Pakistan, until recently the Taliban's foremost backer, had hindered the group's plans and had even arrested one of its military commanders. Kasib said that the U.S. terrorist attacks have changed the situation dramatically. He said the arrested commander has been released and that the movement is looking for international support.

Kasib says the movement is anxious not to be seen as the puppet of any foreign power, but he agreed that the Pakistani government is now looking favorably on the movement's efforts. He said that, most crucially, the movement is seeking international -- mainly Western -- recognition, and financial and military aid.

Kasib said many in the movement are skeptical about any possible role in a future government for Zahir Shah. But he said they are willing to talk with him.

"When Zahir Shah was ruling Afghanistan at that time, he did not give freedom to the people. There was no democratic institution. We have advised Zahir Shah that if he comes to Afghanistan, he should not be imposed upon the people. He is an Afghan, and if people want him as their ruler then we would accept that, but any attempt by an outside power to impose him will not meet with success."

The movement claims to have the secret support of many Taliban members, who it says will switch allegiances in massive numbers if the movement is seen to have powerful backing. Kasib says a peaceful transition of power can happen if the movement's followers first take control of a major Afghan city. They say they believe others will then defect.

A man claiming to be a Taliban commander, who asked to remain anonymous, told our correspondent in Pakistan that he had secretly crossed the border from Afghanistan for negotiations with the National Solidarity Movement. He says the situation on the ground is changing rapidly and that he speaks for 2,000 Taliban members who are willing to defect.
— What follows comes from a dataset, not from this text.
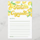 Creëer blijvende herinneringen met deze gepersonaliseerde Lemon Birthday Party Time Capsule Game! Een leuke en sentimentele aanvulling op uw citroen verjaardagsfeestje, dit spel laat gasten laat oprechte berichten voor de toekomst. Perfect voor ideeën voor een zomerverjaardagsfeestje, het past bij een zomerverjaardag, een citroenthema voor de 1e verjaardag of een citroenthema voor het 1e verjaardagsfeest. Of het nu gaat om het vieren van een 1e verjaardagsmeisje citroenthema, een eerste citroenverjaardag, of zelfs een citroen baby shower thema, deze tijdcapsule is een zoete aandenken!
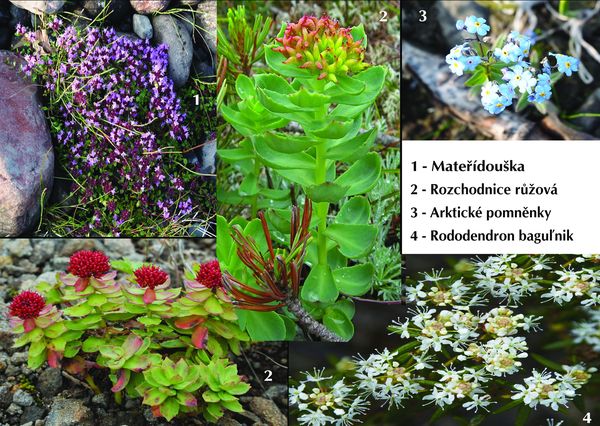 Běžně zde člověk narazí na řadu květin známých z naší přírody, resp. jejich příbuzné odnože. Mám na mysli třeba arktické kopretiny, děhel, hořec, jestřábník, kakost, plamének, plavuň, rozchodnice[1], rdesno, rozrazil, řeřišnici, šťovík, třezalku, vachtu, violku; různé pryskyřníky anebo lomikameny, které u nás náleží k oblíbeným skalničkám[2] a ke zdejším skalnatým úbočím neodmyslitelně patří. Však český název „lomikámen“ (odvozený od latinského „saxifraga“, což znamená doslova „skálolamač“) ilustruje skutečnost, že osídluje skalnatá stanoviště, která rozrušuje svými kořeny.

He says he is confident that what he called a "silent majority" in Afghanistan is against the Taliban. But he warned that the Taliban would try to use the U.S.-led attacks against Afghanistan to rally patriotic support. He said most Afghans are against terrorism and suspect that Osama bin Laden was, indeed, involved in last month's attacks against America. Most Afghans, he says, want bin Laden and his extremist supporters to leave the country.

He said Afghans might be accepting of carefully targeted attacks against bin Laden and those suspected of being terrorists, but he warned that the antiterrorism coalition must be careful not to appear to be seen as striking against the Afghan people.

"Most of the people who are educated and love their country naturally have a desire to bring about a change and their natural desire is for freedom. They would prefer to join the ranks of such parties as Yasin Kasib's party, but now they are forced to work with the Taliban. At the moment they have no other choice, but once such a choice emerges, they will definitely join such groups."

Kasib says the Northern Alliance has made overtures toward the National Solidarity Movement, but that so far the movement has refused any talks.

However, Zahir Shah has said he intends to soon convene a traditional Afghan supreme council, called a loya jirga, of all sections of Afghan society to elect a transitional government to replace the Taliban.

Kasib said his movement would attend such a meeting, even if the Northern Alliance were present.